Structured Data Extraction

  1. You need to extract information about research papers from academic abstracts. Each paper has:
  • Title (string)
  • Publication year (integer)
  • Authors (list of strings)
  • Keywords (list of strings, optional field)
  • Citation count (integer, may be missing)

Write the appropriate type_object() specification using ellmer’s type functions. Ensure missing values for optional fields return NA rather than causing hallucinations.

  1. The following code attempts to extract people’s information but produces errors:
type_people <- type_array(
  type_object(
    name = type_string(),
    age = type_integer(),
    hobbies = type_string()  # Problem here
  )
)
  1. Identify the conceptual error in the schema design for the hobbies field.
  2. Rewrite the schema to correctly represent that a person can have multiple hobbies.
  3. What R data structure would the corrected schema produce for the hobbies field?
  1. When extracting tabular data using type_array(type_object(...)):
  1. Each object represents a column in the resulting data frame
  2. The order of fields in type_object() determines row ordering in the output
  3. Each object represents a row in the resulting data frame
  4. Missing fields automatically get filled with zeros rather than NA values
  5. The approach only works with cloud-based LLMs, not local models
  1. Complete the following code to extract product reviews containing rating (1-5 integer), reviewer name (string), and review text (string) from multiple prompts using parallel processing:
library(ellmer)

prompts <- c(
  "Maria gave the coffee maker 5 stars: 'Best purchase ever!'",
  "John rated it 2/5: 'Broke after one week'",
  "Anonymous user: 4 stars - good value but slow shipping"
)

# Replace the content of type_object()
type_review <- type_object(
  _________________________,
  _________________________,
  _________________________
)

chat <- chat_ollama(model="gemma3")
result <- _________________________(chat, prompts, type = type_review)
  1. Why might structured output (using $chat_structured()) be preferable to requesting JSON format in a regular prompt (using $chat() with “return JSON” instruction) for production data pipelines?

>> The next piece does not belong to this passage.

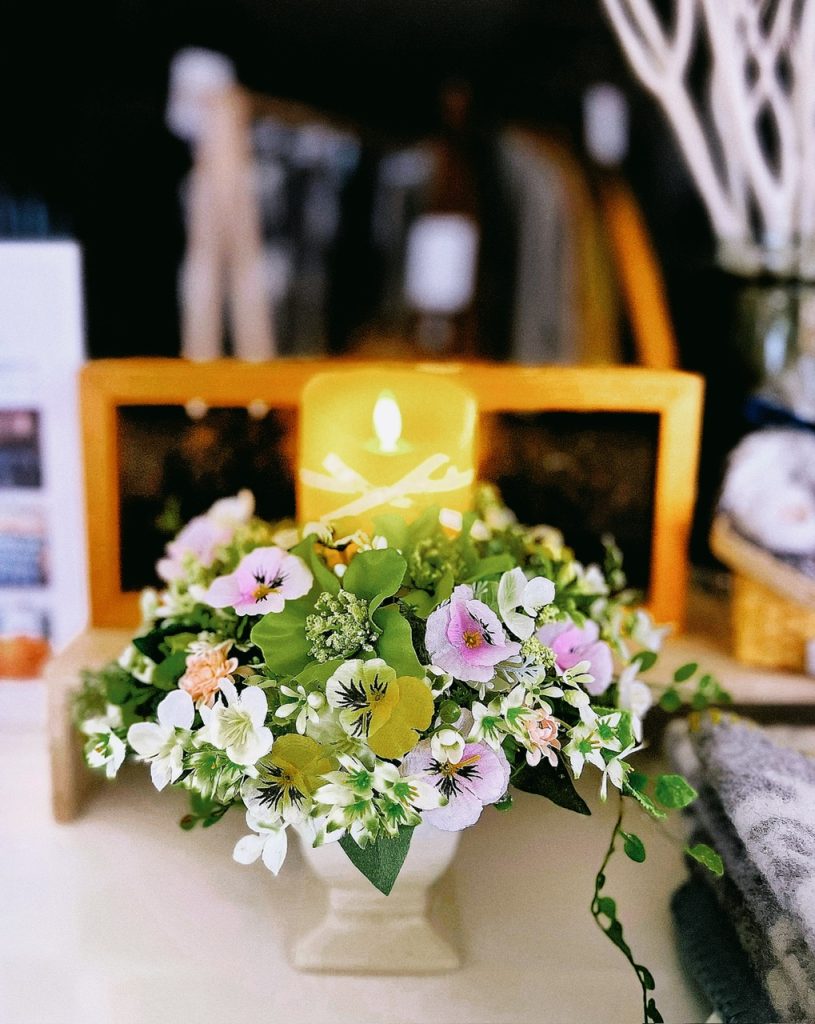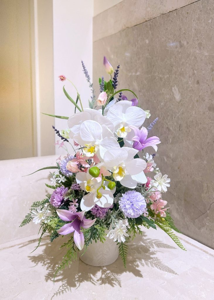今まで長きに渡って7階の元カフェだったスペースの壁際に私のアレンジを
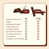 80% less sugar than comparable chocolate bars (unrefined date sugar). Completely clean and short ingredient list. Recyclable paper sachet, traceable cacao, vegan, certified organic, hand-made in France.

Discuss two specific reliability advantages.

Tool Calling and RAG

  1. You’re creating a tool to fetch current stock prices. The function signature is:
get_stock_price <- function(symbol, exchange = "NASDAQ") { ... }

Write a complete tool() wrapper including appropriate descriptions and argument specifications using type_string() and type_enum() where relevant. Justify your choice of required parameters.

  1. Describe the complete 4-step flow of a tool calling interaction between user, LLM, and external function. Why is it important that the LLM requests tool execution rather than executing tools directly?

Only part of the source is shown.